The architecture obtained by implementing (9) and (10) is shown in Fig. 1 (b) where >> i stands for a hard-wired *i*-position right-shift block (dashed block in the right part of Fig. 1 (b)). In the following we will refer to this solution as A2. As it can be inferred from Figs. 1 (a) and (b), A1 requires  $2[r - 2 - (r \mod 2)]$  multiplications, whereas A2 requires only  $2(\lfloor r/2 \rfloor - 1)$  multiplications<sup>1</sup> where  $\lfloor . \rfloor$  is the next lowest integer value. As a consequence, A2 additionally reduces the complexity of the CS-tree which has  $\lfloor r/2 \rfloor + 1$  inputs instead of r.

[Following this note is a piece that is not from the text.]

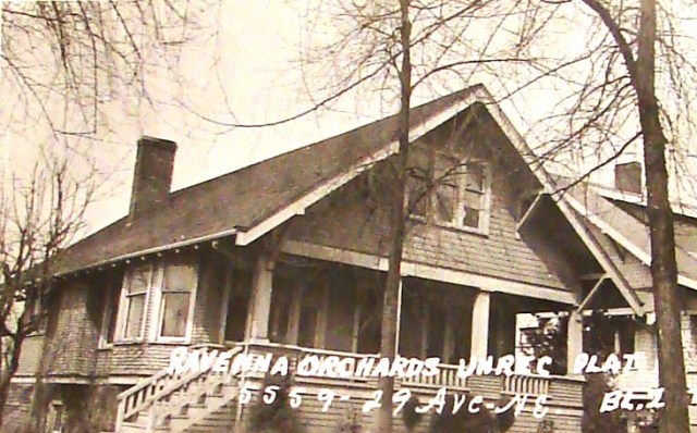 In 1908 the Hugh Benton family was first listed in their new house at 5558 29th Ave NE in the Ravenna Orchard Addition. By that time a streetcar line had been extended eastward across NE 55th Street with its end point at the corner of 35th Ave NE. This was very convenient for residents of Ravenna Orchard to get on the streetcar for shopping trips or for commuting to work.

However, the number of multiplications required to compute  $y_i^*$  can be further reduced. In fact, from (6) and (8) we obtain  $k_i = 1 - 2a_i$ , that substituted in (10) leads to

$$y_i^* = x^* + b_i - a_i \Delta \tag{12}$$

where  $\Delta = 2x^* - x_1 - x_2$ . Thus, (9) by means of (12) can be rewritten as

$$z = x^* + \max\{0, \dots, b_i - a_i \Delta, \dots\}$$

$$(13)$$

when r is even and as

$$z = \max\{x^* + \max\{0, \dots, b_i - a_i \Delta, \dots\}, y_{\lceil r/2 \rceil - 1}\}$$
(14)

<sup>1</sup>In both cases the trivial multiplication by 0.5 in (11) is not considered

when r is odd. As it can be observed, this implementation reduces the number of multipliers to  $\lfloor r/2 \rfloor - 1$ , namely by a factor of four, as compared to A1. The complexity of implementing (13) and (14) can be further reduced by applying a predication-like technique, namely since  $\delta(x_1, x_2) = x_1 - x_2$  we obtain

$$\Delta = \begin{cases} \delta(x_1, x_2) & \text{if } \delta(x_1, x_2) \ge 0\\ -\delta(x_1, x_2) & \text{if } \delta(x_1, x_2) < 0. \end{cases}$$
(15)

As a consequence, by applying this technique to (13) and (14) we obtain a simplified architecture referred to as A3. This advantage is shown in Fig. 1 (c), where the generation of  $\Delta$  is no longer required. Furthermore, the sign of  $\delta(x_1, x_2)$  is used to select addition or subtraction for the programmable adder (PA) in the multiply-PA (MPA) blocks (see the grey shaded block in left side of Fig. 1 (c) where  $c_{in}$  is carry-in of the full-adder corresponding to the least significant bit). When r is odd  $\delta(x_1, x_2)$  is also employed to compute

$$y_{\lceil r/2 \rceil - 1} = \begin{cases} \chi^* - \delta(x_1, x_2)/2 & \text{if } \delta(x_1, x_2) \ge 0\\ \chi^* + \delta(x_1, x_2)/2 & \text{if } \delta(x_1, x_2) < 0 \end{cases}$$
(16)

where  $\chi^* = x^* + \ln(2)$ . However, (15) and (16) show that (13) and (14) can be unified by rewriting (9) as

$$z = x^* + w^* \tag{17}$$

$$w^* = \max\{0, \dots, w_i^*, \dots\}$$
(18)

$$w_i^* = b_i \mp a_i \delta(x_1, x_2) = b_i - a_i |\delta(x_1, x_2)|$$
(19)

with  $i = 1, ..., \left\lceil \frac{r}{2} \right\rceil - 1$ .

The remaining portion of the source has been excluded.